Problem to solve - Leave every image out, and return the rest of the data word for word.

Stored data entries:
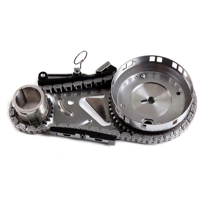 Комплект ланцюгів часу, як незамінний компонент автомобіля, виготовлений з металу і має компактну структуру з високою ефективністю передачі. Це може гарантувати, що двигун може відкрити та закривати клапани у відповідний час, досягаючи нормальних процесів всмоктування та вихлопу. Він приймає мовчазну конструкцію форми зубів, яка не тільки працює безперебійно і має низький рівень шуму, але також має високу здатність та надійність навантаження, і може бути майже без технічного обслуговування, що є ключовим фактором для ефективної та стабільної роботи двигуна.
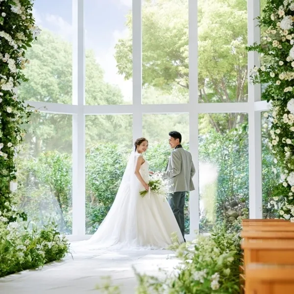 【リニューアル】光に包まれる温かなFLOWERチャペル入場を体感。花と緑に囲まれ、自然の光が二人を包む上質なチャペルで、実際の入場シーンを再現。
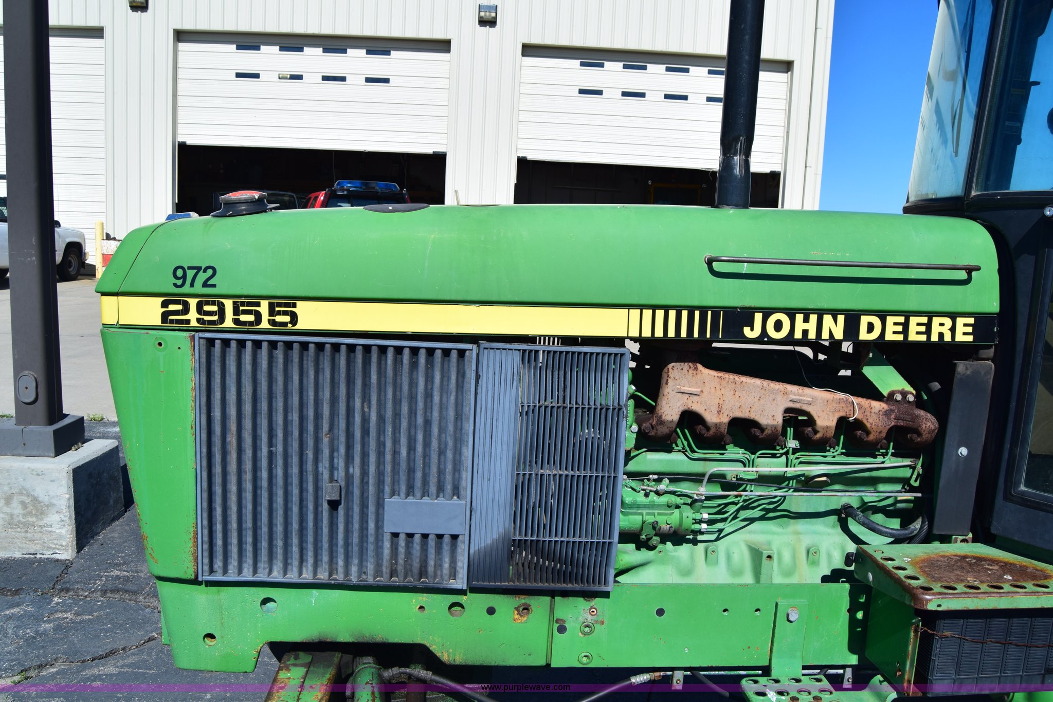 Purple Wave is selling a used Tractor in Kansas. This item is a 1990 John Deere 2955 tractor with the following: 3,734 hours on meter, John Deere 6359DL-009 six cylinder diesel engine, 97 HP, Serial CD6359D894313, Powershift transmission, 16F-8R gears, Enclosed cab, Serial CGS6037126794, AC and heat, Non-operational AC, Suspension seat, Three point, Draw bar, 540 PTO, (3) rear hydraulic remote sets, 102" wheelbase, 10.00-16 front tires, 16.9-38 rear tires, 10,845 lbs. base operating weight, Hydraulic pump up front is leaking, Electrical issue with fuse box, Problems starting, Serial XL02955T712292
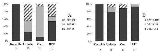 Percentage of horn fly resistant genotypes determined through a multiplex PCR. (A) illustrates genotyping for L150F, while (B) shows genotyping for G262A mutations. Laboratory strain = Kerrville (susceptible); field strains = LaBelle, Ona and BTU. RR = homozygous resistant, SR = heterozygotes, SS = homozygous susceptible. Number below fly strain name is the number of flies genotyped.
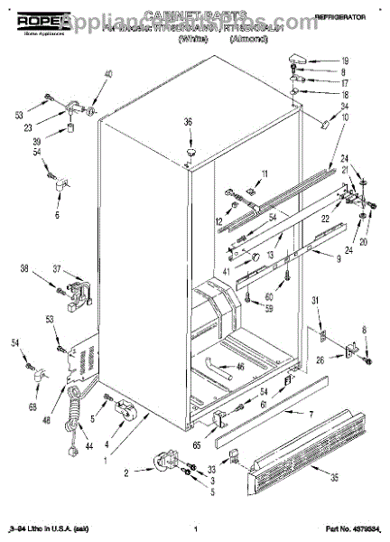 Parts for Roper RT18DKXAW01: 01 - Cabinet Parts
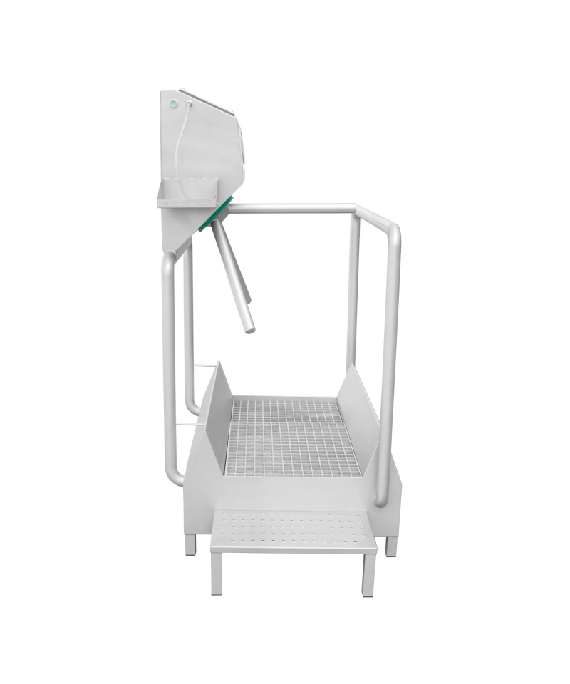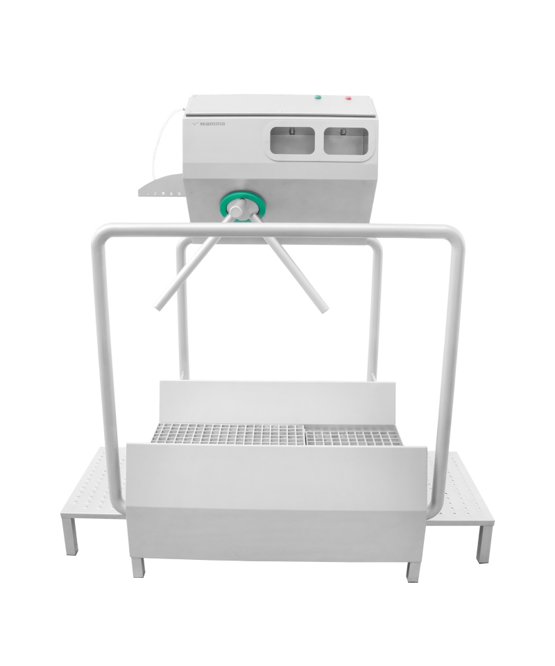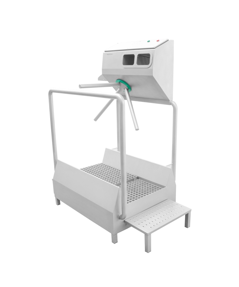 Die Station besteht aus zwei Komponenten - einer Kammer zur Händedesinfektion und einer Kammer zum Waschen der Schuhsohlen. Der Sprühstrahl des Desinfektionsmittels wird berührungslos mit Hilfe von Fotozellen aktiviert, was ein Höchstmaß an Hygiene ermöglicht. Außerdem lässt ein Drehkreuz den Durchgang erst zu, nachdem die erforderlichen Arbeiten durchgeführt wurden, so dass ein versehentliches Betreten des Hygienebereichs verhindert wird.
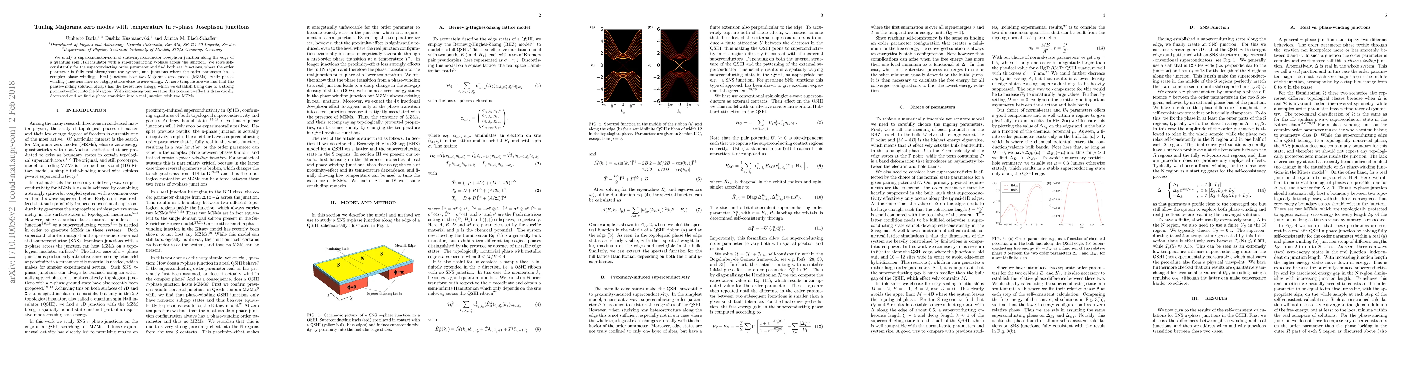 We study a superconductor-normal state-superconductor (SNS) Josephson junction along the edge of a quantum spin Hall insulator (QSHI) with a superconducting $\pi$-phase across the junction. We solve self-consistently for the superconducting order parameter and find both real junctions, where the order parameter is fully real throughout the system, and junctions where the order parameter has a complex phase winding. Real junctions host two Majorana zero modes (MZMs), while phase-winding junctions have no subgap states close to zero energy. At zero temperature we find that the phase-winding solution always has the lowest free energy, which we establish being due to a strong proximity-effect into the N region. With increasing temperature this proximity-effect is dramatically decreased and we find a phase transition into a real junction with two MZMs.

Solution for this problem -
 Комплект ланцюгів часу, як незамінний компонент автомобіля, виготовлений з металу і має компактну структуру з високою ефективністю передачі. Це може гарантувати, що двигун може відкрити та закривати клапани у відповідний час, досягаючи нормальних процесів всмоктування та вихлопу. Він приймає мовчазну конструкцію форми зубів, яка не тільки працює безперебійно і має низький рівень шуму, але також має високу здатність та надійність навантаження, і може бути майже без технічного обслуговування, що є ключовим фактором для ефективної та стабільної роботи двигуна.
 【リニューアル】光に包まれる温かなFLOWERチャペル入場を体感。花と緑に囲まれ、自然の光が二人を包む上質なチャペルで、実際の入場シーンを再現。
 Purple Wave is selling a used Tractor in Kansas. This item is a 1990 John Deere 2955 tractor with the following: 3,734 hours on meter, John Deere 6359DL-009 six cylinder diesel engine, 97 HP, Serial CD6359D894313, Powershift transmission, 16F-8R gears, Enclosed cab, Serial CGS6037126794, AC and heat, Non-operational AC, Suspension seat, Three point, Draw bar, 540 PTO, (3) rear hydraulic remote sets, 102" wheelbase, 10.00-16 front tires, 16.9-38 rear tires, 10,845 lbs. base operating weight, Hydraulic pump up front is leaking, Electrical issue with fuse box, Problems starting, Serial XL02955T712292
 Percentage of horn fly resistant genotypes determined through a multiplex PCR. (A) illustrates genotyping for L150F, while (B) shows genotyping for G262A mutations. Laboratory strain = Kerrville (susceptible); field strains = LaBelle, Ona and BTU. RR = homozygous resistant, SR = heterozygotes, SS = homozygous susceptible. Number below fly strain name is the number of flies genotyped.
 Parts for Roper RT18DKXAW01: 01 - Cabinet Parts
 Die Station besteht aus zwei Komponenten - einer Kammer zur Händedesinfektion und einer Kammer zum Waschen der Schuhsohlen. Der Sprühstrahl des Desinfektionsmittels wird berührungslos mit Hilfe von Fotozellen aktiviert, was ein Höchstmaß an Hygiene ermöglicht. Außerdem lässt ein Drehkreuz den Durchgang erst zu, nachdem die erforderlichen Arbeiten durchgeführt wurden, so dass ein versehentliches Betreten des Hygienebereichs verhindert wird.
 We study a superconductor-normal state-superconductor (SNS) Josephson junction along the edge of a quantum spin Hall insulator (QSHI) with a superconducting $\pi$-phase across the junction. We solve self-consistently for the superconducting order parameter and find both real junctions, where the order parameter is fully real throughout the system, and junctions where the order parameter has a complex phase winding. Real junctions host two Majorana zero modes (MZMs), while phase-winding junctions have no subgap states close to zero energy. At zero temperature we find that the phase-winding solution always has the lowest free energy, which we establish being due to a strong proximity-effect into the N region. With increasing temperature this proximity-effect is dramatically decreased and we find a phase transition into a real junction with two MZMs.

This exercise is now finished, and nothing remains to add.